» Data extract:
━━━
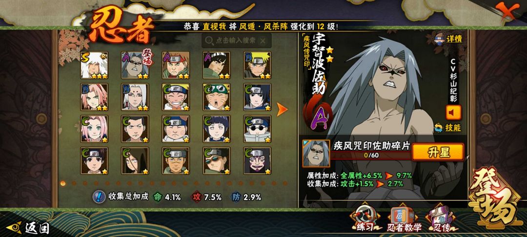 298疾风咒印佐助号 有青春凯和丁次 能打决斗场
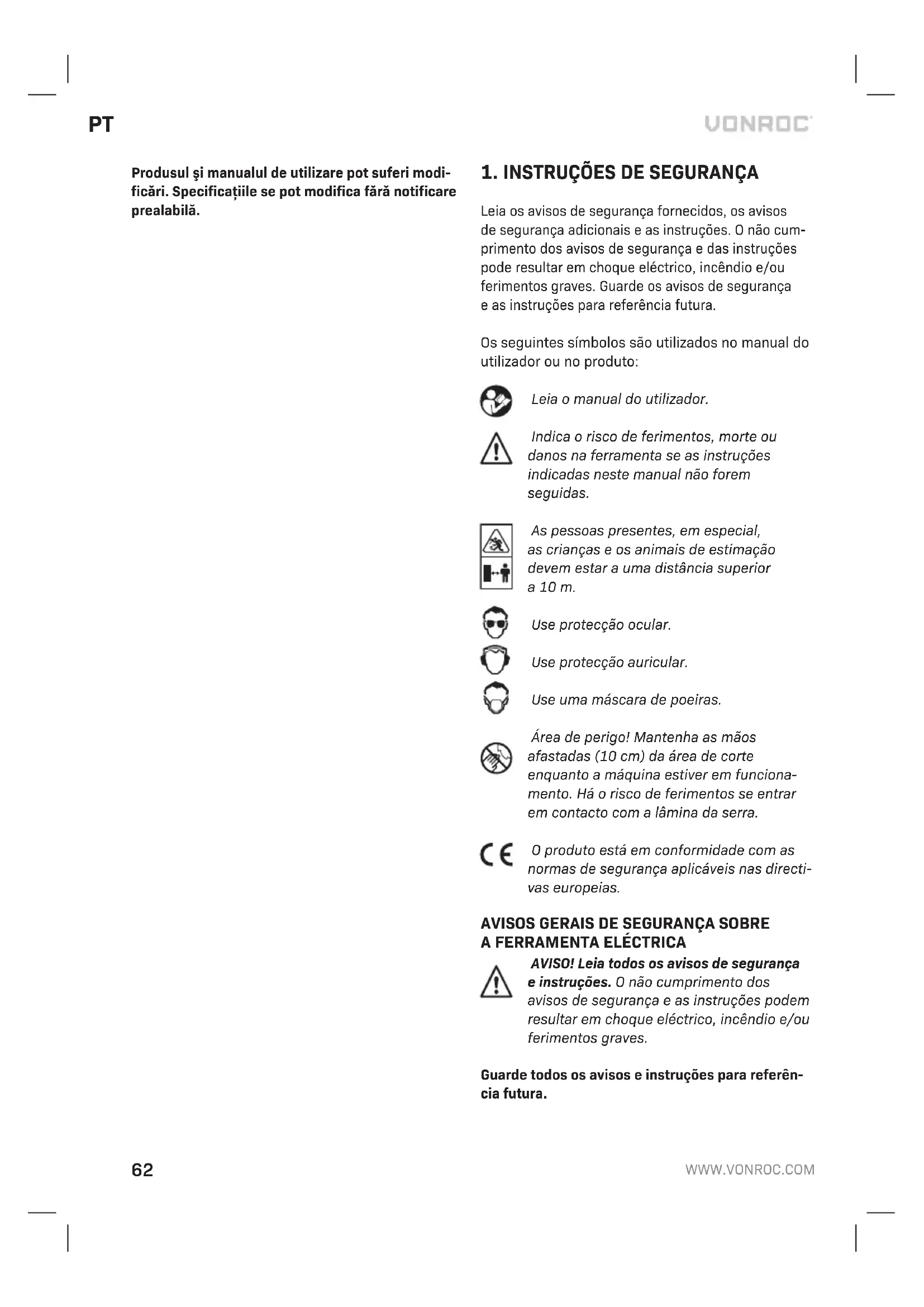 Leia os avisos de segurança fornecidos, os avisos de segurança adicionais eas instruções. Onão cum- primento dos avisos de segurança edas instruções pode resultar em choque eléctrico, incêndio e/ou ferimentos graves. Guarde os avisos de segurança eas instruções para referência futura. Os seguintes símbolos são utilizados no manual do utilizador ou no produto: Leia omanual do utilizador. Indica orisco de ferimentos, morte ou danos na ferramenta se as instruções indicadas neste manual não forem seguidas. As pessoas presentes, em especial, as crianças e os animais de estimação devem estar auma distância superior a10 m. Use protecção ocular. Use protecção auricular. Use uma máscara de poeiras. Área de perigo! Mantenha as mãos afastadas (10 cm) da área de corte enquanto amáquina estiver em funciona- mento. Há orisco de ferimentos se entrar em contacto com alâmina da serra. Oproduto está em conformidade com as normas de segurança aplicáveis nas directi- vas europeias.
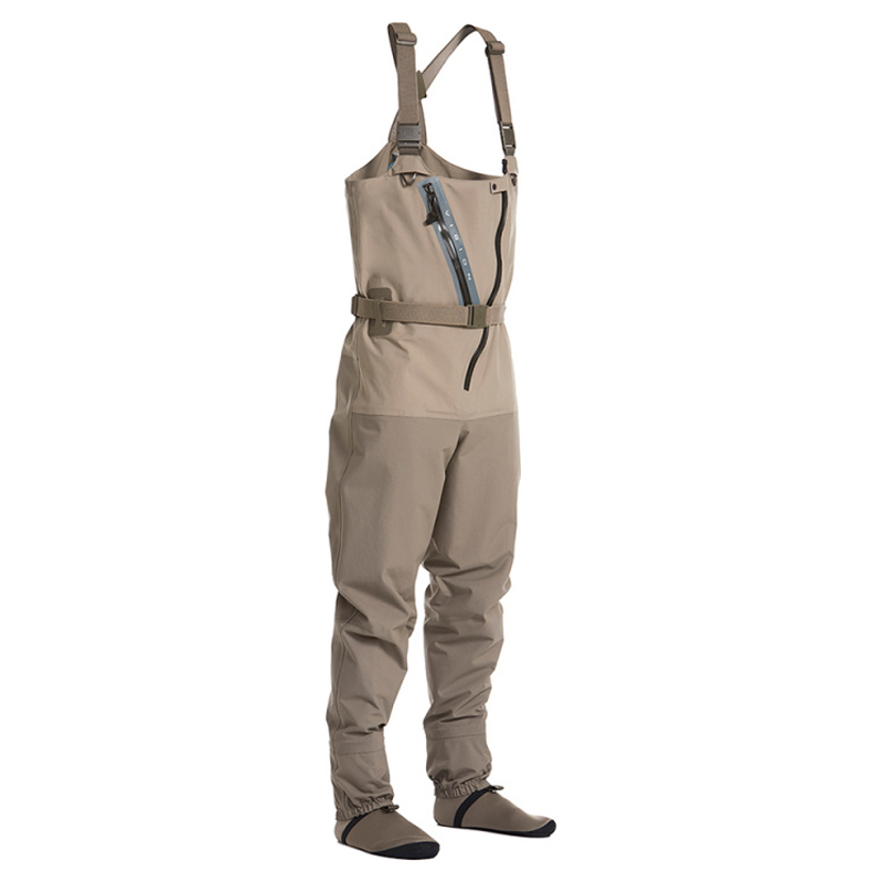 Wie der Name schon sagt, hat dieses Modell den durchgehenden Reißverschluss vorne. Er erleichtert nicht nur den Ein- und Ausstieg, sondern hilft auch, die Wathose bei extremen Wanderungen zu belüften. Und wenn die Natur ruft, ist das ein praktisches Feature. Der Hauptreißverschluss ist in einem leichten Winkel positioniert, um Ihnen mehr Unterstützung durch die Hosenträger beim Öffnen und Schließen zu geben. Auf diese Weise konnten wir auch mehr Platz für die wasserdichte Tasche auf der anderen Seite schaffen. Auch dieser Taschenreißverschluss ist in einem Winkel platziert und so haben Sie leichteren Zugang zu den Innenorganisatoren dieser Tasche.
━━━
Please give back exactly, and with no pictures, the lines from where the listing above begins through the line containing "Leia os avisos".

 298疾风咒印佐助号 有青春凯和丁次 能打决斗场
 Leia os avisos de segurança fornecidos, os avisos de segurança adicionais eas instruções. Onão cum- primento dos avisos de segurança edas instruções pode resultar em choque eléctrico, incêndio e/ou ferimentos graves. Guarde os avisos de segurança eas instruções para referência futura. Os seguintes símbolos são utilizados no manual do utilizador ou no produto: Leia omanual do utilizador. Indica orisco de ferimentos, morte ou danos na ferramenta se as instruções indicadas neste manual não forem seguidas. As pessoas presentes, em especial, as crianças e os animais de estimação devem estar auma distância superior a10 m. Use protecção ocular. Use protecção auricular. Use uma máscara de poeiras. Área de perigo! Mantenha as mãos afastadas (10 cm) da área de corte enquanto amáquina estiver em funciona- mento. Há orisco de ferimentos se entrar em contacto com alâmina da serra. Oproduto está em conformidade com as normas de segurança aplicáveis nas directi- vas europeias.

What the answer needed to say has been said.